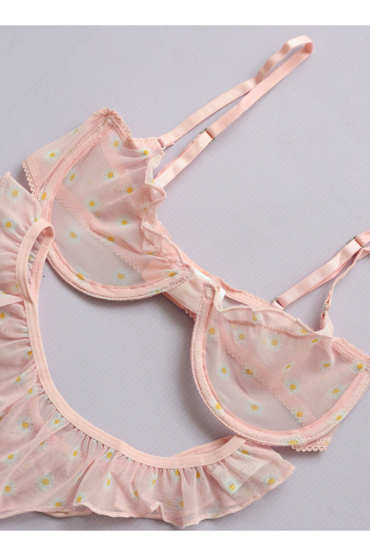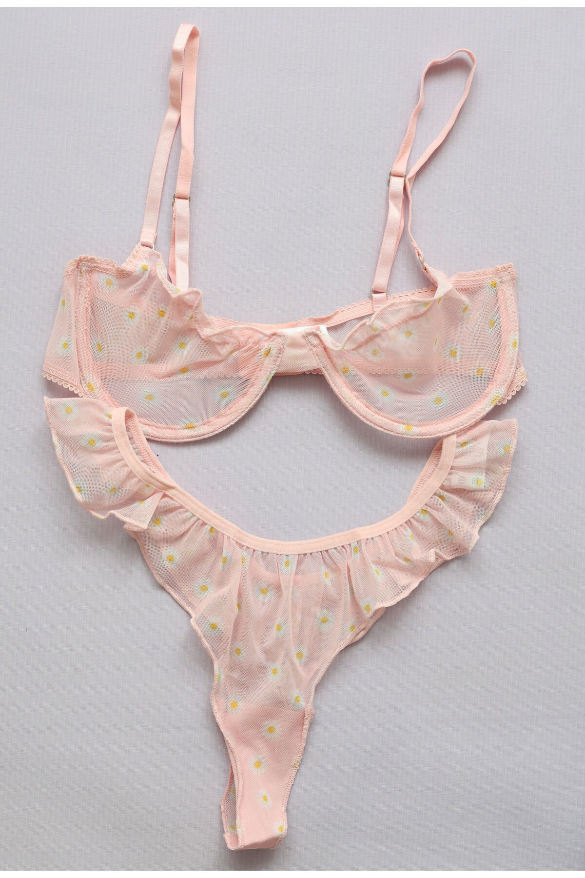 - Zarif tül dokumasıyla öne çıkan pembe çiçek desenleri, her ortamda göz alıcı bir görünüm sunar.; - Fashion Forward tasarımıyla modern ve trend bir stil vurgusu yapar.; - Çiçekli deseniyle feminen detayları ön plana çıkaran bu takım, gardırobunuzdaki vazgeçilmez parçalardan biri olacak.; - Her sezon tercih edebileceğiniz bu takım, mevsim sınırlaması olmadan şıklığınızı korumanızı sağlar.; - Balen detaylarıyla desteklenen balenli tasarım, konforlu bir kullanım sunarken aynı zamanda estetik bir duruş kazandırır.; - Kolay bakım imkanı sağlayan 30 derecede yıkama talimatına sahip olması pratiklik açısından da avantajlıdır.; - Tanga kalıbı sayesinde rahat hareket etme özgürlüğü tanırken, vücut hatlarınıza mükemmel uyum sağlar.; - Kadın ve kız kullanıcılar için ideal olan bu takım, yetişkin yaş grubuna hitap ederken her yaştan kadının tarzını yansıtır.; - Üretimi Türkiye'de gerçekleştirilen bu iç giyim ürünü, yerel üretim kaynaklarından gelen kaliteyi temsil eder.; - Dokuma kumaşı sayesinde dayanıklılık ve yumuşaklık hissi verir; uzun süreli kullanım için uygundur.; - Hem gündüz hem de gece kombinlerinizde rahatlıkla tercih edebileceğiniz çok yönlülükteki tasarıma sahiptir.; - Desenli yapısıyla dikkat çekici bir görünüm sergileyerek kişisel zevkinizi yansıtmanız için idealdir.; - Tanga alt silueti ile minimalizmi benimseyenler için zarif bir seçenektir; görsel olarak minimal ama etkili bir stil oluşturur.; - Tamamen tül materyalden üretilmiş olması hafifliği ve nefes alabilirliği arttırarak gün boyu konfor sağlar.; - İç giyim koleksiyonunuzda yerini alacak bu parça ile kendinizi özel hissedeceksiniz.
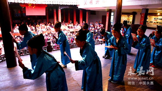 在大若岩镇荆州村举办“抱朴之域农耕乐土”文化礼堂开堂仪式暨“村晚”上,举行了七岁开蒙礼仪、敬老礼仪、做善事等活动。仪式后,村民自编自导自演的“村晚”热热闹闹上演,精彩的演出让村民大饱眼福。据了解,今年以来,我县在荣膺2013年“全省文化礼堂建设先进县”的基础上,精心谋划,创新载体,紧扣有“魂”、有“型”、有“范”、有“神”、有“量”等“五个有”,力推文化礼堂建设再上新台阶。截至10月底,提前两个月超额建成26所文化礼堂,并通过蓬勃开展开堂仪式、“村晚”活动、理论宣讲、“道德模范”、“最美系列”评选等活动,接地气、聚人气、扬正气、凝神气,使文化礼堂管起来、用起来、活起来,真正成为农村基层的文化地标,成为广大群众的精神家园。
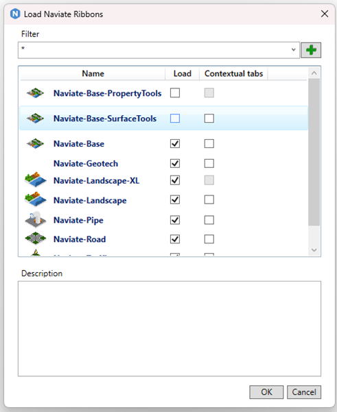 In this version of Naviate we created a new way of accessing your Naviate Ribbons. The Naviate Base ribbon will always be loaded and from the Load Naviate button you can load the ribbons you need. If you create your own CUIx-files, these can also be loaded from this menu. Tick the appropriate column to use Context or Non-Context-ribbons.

---

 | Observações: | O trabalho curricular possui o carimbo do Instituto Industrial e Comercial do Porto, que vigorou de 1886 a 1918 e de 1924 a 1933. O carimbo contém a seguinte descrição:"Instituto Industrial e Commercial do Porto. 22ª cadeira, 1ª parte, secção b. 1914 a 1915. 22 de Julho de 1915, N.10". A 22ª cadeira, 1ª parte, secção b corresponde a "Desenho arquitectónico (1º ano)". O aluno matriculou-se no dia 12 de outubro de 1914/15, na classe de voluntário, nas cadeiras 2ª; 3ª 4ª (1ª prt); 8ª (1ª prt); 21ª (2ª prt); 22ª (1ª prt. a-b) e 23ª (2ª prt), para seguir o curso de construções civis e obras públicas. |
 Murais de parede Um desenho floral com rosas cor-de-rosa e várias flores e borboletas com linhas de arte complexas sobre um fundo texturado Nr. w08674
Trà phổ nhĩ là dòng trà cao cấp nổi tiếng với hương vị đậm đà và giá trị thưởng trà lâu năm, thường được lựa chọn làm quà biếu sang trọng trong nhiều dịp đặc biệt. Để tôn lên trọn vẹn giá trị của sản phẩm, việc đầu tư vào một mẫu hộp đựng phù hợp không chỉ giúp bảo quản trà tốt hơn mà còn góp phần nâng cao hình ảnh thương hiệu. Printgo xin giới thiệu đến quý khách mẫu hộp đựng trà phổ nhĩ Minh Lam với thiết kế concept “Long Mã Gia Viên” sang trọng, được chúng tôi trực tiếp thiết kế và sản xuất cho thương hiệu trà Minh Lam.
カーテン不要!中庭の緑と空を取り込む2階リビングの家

** Exercise requirements **
What are the lines above, starting at the one with "obras públicas. |" and ending at the one with "Murais de parede"? Give them again exactly, and only them.

** Result below **
 | Observações: | O trabalho curricular possui o carimbo do Instituto Industrial e Comercial do Porto, que vigorou de 1886 a 1918 e de 1924 a 1933. O carimbo contém a seguinte descrição:"Instituto Industrial e Commercial do Porto. 22ª cadeira, 1ª parte, secção b. 1914 a 1915. 22 de Julho de 1915, N.10". A 22ª cadeira, 1ª parte, secção b corresponde a "Desenho arquitectónico (1º ano)". O aluno matriculou-se no dia 12 de outubro de 1914/15, na classe de voluntário, nas cadeiras 2ª; 3ª 4ª (1ª prt); 8ª (1ª prt); 21ª (2ª prt); 22ª (1ª prt. a-b) e 23ª (2ª prt), para seguir o curso de construções civis e obras públicas. |
 Murais de parede Um desenho floral com rosas cor-de-rosa e várias flores e borboletas com linhas de arte complexas sobre um fundo texturado Nr. w08674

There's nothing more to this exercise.